╔══

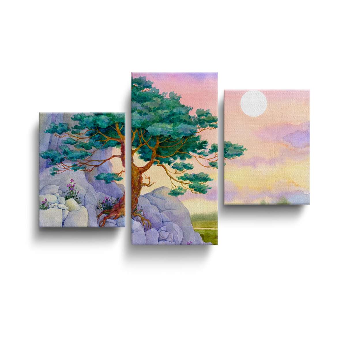 Borovice na skále nad údolím - akvarel
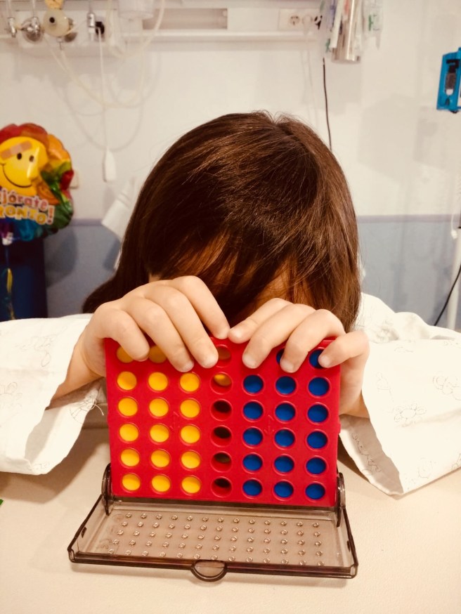 La suerte de ser una familia tan grande y unida es que para poder organizar a sus hermanos Oli tiene tíos, primos, abuelos y amigos deseando quedarse con ella y acompañarla mientras sus padres no podemos estar! Como ahora está un poco “ refunfuñona” no le ha gustado nada que me vaya del hospital pero ella se queja y enseguida accede y dice que si! Ahí es cuando más orgullosos estamos de ella , cuando veo que pone las necesidades de otros antes de las suyas propias!!!!
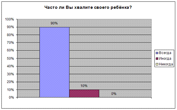 В ходе психолого-педагогического эксперимента было установлено, что при использовании родителями метода поощрения ребёнок стремиться повторить поступок, за который его похвалили. При использовании метода наказания дети в 100% случаев изменяют своё поведение.
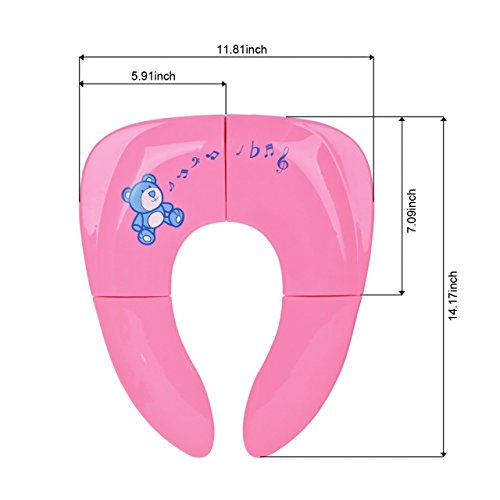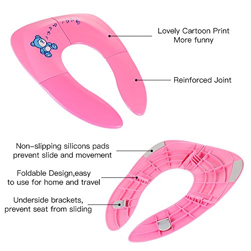 Tinabless baby travel potty seat help you to solve these problems. Sanitary : Mother's or child's hands never need to touch the toilet bowl, guaranteeing safety and hygiene. Portable : Folds compactly for storage into included travel bag. Stable: This Travel Toilet Potty provides 2 pieces of non-slipping rubber pads and locks to ensure mechanism stability, then secure children. Comfortable : The contoured curves also make it comfortable and easy for toddlers to get on and off the toilet by themselves, helping them become independence. Easy to clean: Our folding potty seat is easily cleaned with warm soapy water. Note: The portable potty seat may slip when kids move, so please keep an eye on your baby when sitting on it.

╚══

* **WORK REQUEST**: Reprint the whole listing verbatim except for the pictures.

* **RESPONSE TO THIS EXERCISE**:
 Borovice na skále nad údolím - akvarel
 La suerte de ser una familia tan grande y unida es que para poder organizar a sus hermanos Oli tiene tíos, primos, abuelos y amigos deseando quedarse con ella y acompañarla mientras sus padres no podemos estar! Como ahora está un poco “ refunfuñona” no le ha gustado nada que me vaya del hospital pero ella se queja y enseguida accede y dice que si! Ahí es cuando más orgullosos estamos de ella , cuando veo que pone las necesidades de otros antes de las suyas propias!!!!
 В ходе психолого-педагогического эксперимента было установлено, что при использовании родителями метода поощрения ребёнок стремиться повторить поступок, за который его похвалили. При использовании метода наказания дети в 100% случаев изменяют своё поведение.
 Tinabless baby travel potty seat help you to solve these problems. Sanitary : Mother's or child's hands never need to touch the toilet bowl, guaranteeing safety and hygiene. Portable : Folds compactly for storage into included travel bag. Stable: This Travel Toilet Potty provides 2 pieces of non-slipping rubber pads and locks to ensure mechanism stability, then secure children. Comfortable : The contoured curves also make it comfortable and easy for toddlers to get on and off the toilet by themselves, helping them become independence. Easy to clean: Our folding potty seat is easily cleaned with warm soapy water. Note: The portable potty seat may slip when kids move, so please keep an eye on your baby when sitting on it.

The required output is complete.